WAS muss ich machen?
Danke für eure Hilfe 

PS ich konnte das schonmal


----------



## Battlejoe (25. August 2009)

wie schauts mit den Treibern aus?


----------



## Vasili8181 (25. August 2009)

unverändert.
Garfik nvidia 190.38
sound creative Xfi 6.0.1.1373
P45 intel aktuellen keine beta.


----------



## Vasili8181 (28. August 2009)

Hat man beim abspielen von full hd filmen oben und unten einen schwarzen balken?


----------



## rebel4life (28. August 2009)

Kommt auf den Film und den Monitor an.


----------



## Vasili8181 (28. August 2009)

Der Film war der tag an dem die erde still stand(blu-ray)
Der Monitor ist ein LG W2453TQ 1920 x 1080


----------



## Bucklew (29. August 2009)

Klar hat man da nen schwarzen Balken, Kinofilme sind in einem noch breiteren Format als 16:9 gedreht.


----------



## Vasili8181 (29. August 2009)

Danke


----------



## Vasili8181 (7. Januar 2010)

Noch ne Frage ich habe das blu-ray Laufwerk LiteOn DH-401S mit der Firmware SP53 und wollte die Neue Firmware CP56 installieren aber dann kommt eine Fehlermeldung.

No matched drive detected !
This utility is only for ATAPI BD O DH401S drive.

Detected drives:
1-1-0-0 E:ATAPI BD O DH401S  2P53

ich habe ein ASUS p5Q Pro
da habe ich schon einen anderen SATA port genommen
und im abgesicherten modus.
Immer wieder kommt dieser Fehler


----------



## illumi0 (14. Januar 2010)

Habe Haargenau das selbe problem.

Da ich einige blu-rays nicht aulesen kann bzw. das laufwerk sie nicht erkennt dachte ich an ein firmware update.

mit nero info tool hatte habe ich die aktuelle firmware version meines laufwerks ausgelesen diese heißt "2p53", die neue firmware heißt "2p56N". 

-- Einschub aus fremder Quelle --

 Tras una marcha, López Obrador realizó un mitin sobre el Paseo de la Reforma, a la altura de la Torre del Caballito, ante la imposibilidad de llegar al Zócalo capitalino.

Mehr hab ich noch nicht rausgefunden.

Denke aber a stimmt was mit der Firmware Bezeichnung was nicht...

habe soeben aus einem englischen forum rausgelesen

"Changing to a different SATA controller did the trick!!!

I have flashed to CP54 and the movies now play".  


mfg


----------



## Vasili8181 (19. Januar 2010)

Es gibt ein (Flash tool for liteon-made drives) da muss man die Firmware(CP56N) reinpacken und los gehts.
ABER dieses tool verlagt eine .bin Datei und die Firmware die ich habe ist eine .exe
PS: ich bin noch nicht weiter

Habe auch mal den AHCI modus aktiviert ob es am SATA controller liegt aber auch das hat nicht geholfen.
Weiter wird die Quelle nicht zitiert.